Engels’ verkehrte Geschichtsauffassung, die später als „Histomat“ in die marxistische Theorie eingegangen ist, wird hier richtig beweihräuchert, mit der Bekräftigung seiner Auffassung vom „Absterben des Staates“.
Engels wollte die Geisteswissenschaften verwissenschaftlichen, indem er für sie naturwissenschaftliche Gesetze erfand. Er hielt es für wissenschaftlich, historische Entwicklungen gesetzmäßig vorherzusagen. Die Idee vom Absterben des Staates fällt in diese Kategorie. Er wollte aus der Vergangenheit Gesetzmäßigkeiten für die Zukunft ableiten. Dieses Verfahren war Marx fremd, wenngleich er sich auch manchmal zu Prophezeiungen verstiegen hat. Seine Auffassung war jedoch die, daß Wissenschaft die Analyse des Bestehenden ist, und daraus leitete er Gesetzmäßigkeiten ab, wie zum Beispiel diejenige der Notwendigkeit der Krisen im Kapitalismus, oder die des tendenziellen Falles der Profitrate, mitsamt derer entgegenwirkenden Ursachen.
Engels, wenn er vom „Absterben des Staates“ redet, überträgt eine Kategorie der Biologie in die Gesellschaftswissenschaft. Er charakterisiert den bürgerlichen Staat als ein Naturphänomen, das eine Ablaufzeit hat. Ohne sich um die Gründe zu bekümmern, die die Existenz des modernen Staates bedingen, und vor allem: ohne sich um seine Besonderheiten als eigenständiges Subjekt Gedanken zu machen, deklariert er sein Verschwinden, sobald für ihn seine Notwendigkeit – der Klassengegensatz – entfällt. Der Staat ist bei Engels genauso wie bei Lenin ein Bedingtes, eine bloße Folge von etwas anderem. Das trifft weder auf die kapitalistische Demokratie zu, noch auf andere Staats- oder Herrschaftsformen.

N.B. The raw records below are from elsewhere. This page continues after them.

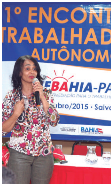
Novo Portal Patra vai aquecer a geração de emprego e renda na Bahia

Intenção é transformar o Patra num sistema modelo e referência, assim como hoje é o SineBahia dentro e fora do País. O novo Patra terá uma concepção de rede social com os usuários dando notas aos serviços. Atualmente 800 profissionais autônomos (pintor, piscineiro, faxineira,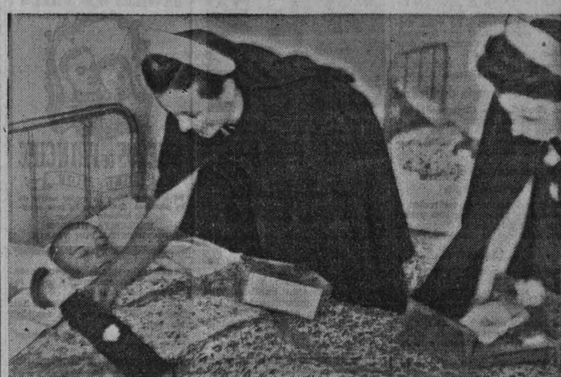
Los niños que en la noche del domingo fueron recogidos por el servicio correspondiente de Auxilio Social, recibieron también el regalo de los Reyes Magos.

Si eres falangista pon en tus cartas el sello "José Antonio".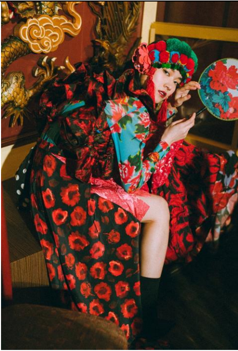
日本品牌 DOKKA vivid 設計師： Nodoka Sugauchi / Akiho Ka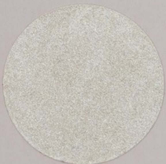
ACS 91 (5 мл)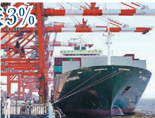
日本貿易逆差破紀錄，出口大國地位恐不保。圖為東京港口。資料圖片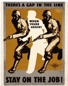
Рис. 8. Постер 7

Текст у перекладі: рис. 4 «Дамо їм з обох стволів»; рис. 5 «Це може трапитися тут!»; рис. 6 «Хочете програти війну? Вимкніть будильник... поспіть довше!»; рис.7 «Любий тато, ми виграємо війну ЗНАЧНО швидше, якщо будемо впевнені, що люди вдома працюють як прокляті, щоб підтримати нас!».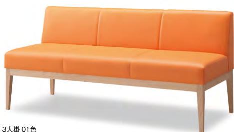
3人掛 01色 張地 アイコン ICO-24 (Aランク)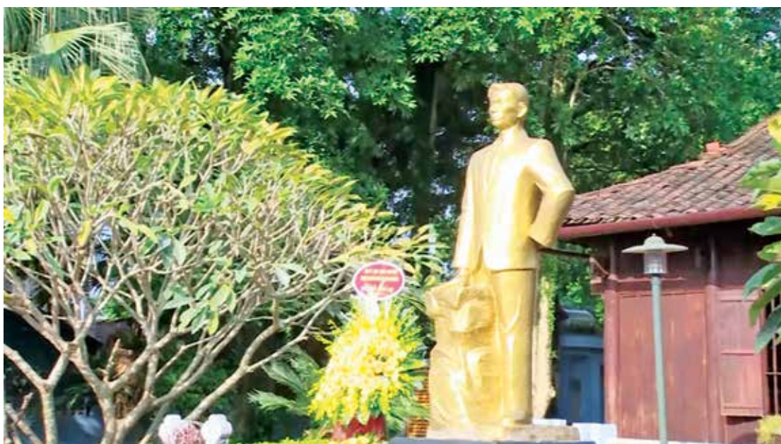
Tượng đồng chí Hoàng Đình Giông tại Khu lưu niệm đồng chí Hoàng Đình Giông được xây dựng tại xóm Nà Toàn, phường Đề Thám, thành phố Cao Bằng.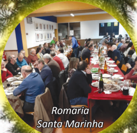
Romaria Santa Marinha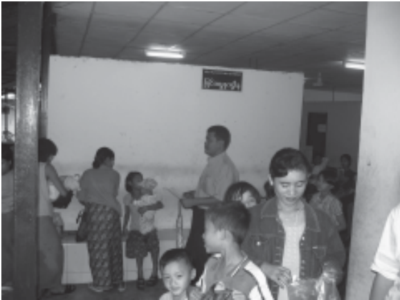
ပြင်ပလူနာဌာန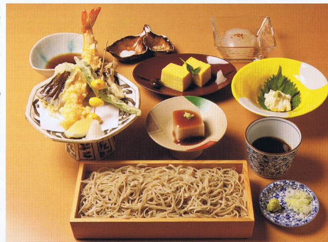
お昼のちよこつとコース「お昼のちよこつとコース」1680円。蕎麦豆腐、だし巻き玉子、生湯葉刺身、特上大海老、野菜四品の天ぷら、せいろ、自家製甘味。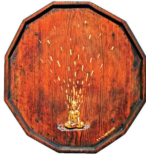
스페이스선+는 6월 9일까지 프랑스 파리 갤러리89에서 동국대 미대 출신 6명의 작품을 전시한다. 왼쪽 상단부터 시계방향으로 >박경귀 '소원을 말해봐' >김수정 '연화무늬' >이상기 '십이각 소반' >이해기 '탄생'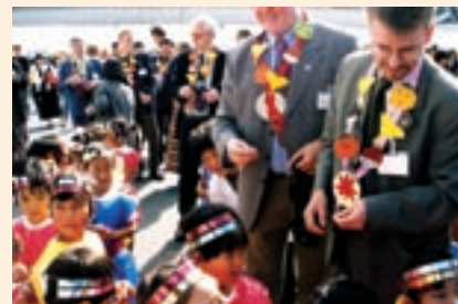
▲湖東町とレトビック市との交流

八日市市 滋賀県伊吹町、大阪府柏原市 永源寺町 岡山県勝山町 愛東町 北海道愛別町、神奈川県愛川町、長崎県愛野町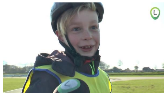
Figuur 15. Deelnemer in actie clinic

Op 12 april werden de Koningsspelen voor verschillende scholen uit Oldebroek georganiseerd in en rondom de Talter. De skeelerclub verwelkomde elke ronde 45 kinderen die een helm, bescherming en skates mochten afhalen. Nadat alles aangetrokken was kregen zij een clinic van Alise, Alyne of van de studenten van de Hanzehogeschool Zwolle.

Die Weichen sind gestellt für den „proletarischen Staat“ ohne Klassengegensätze, der natürlich mitnichten abgestorben ist, wenngleich er sich schließlich auf andere Art vertschüßt hat:
„Die Ablösung des bürgerlichen Staates durch den proletarischen ist ohne gewaltsame Revolution unmöglich. Die Aufhebung des proletarischen Staates, d.h. die Aufhebung jeglichen Staates, ist nicht anders möglich als auf dem Wege des »Absterbens«.“ (S 30)
Man beachte hier Lenins Vorgangsweise: Engels wird zitiert, als wäre er die Bibel, und als Schlußfolgerung wird die Notwendigkeit des Ersatzes einer Art von Staatsgewalt durch eine andere postuliert. Von Begründung keine Spur.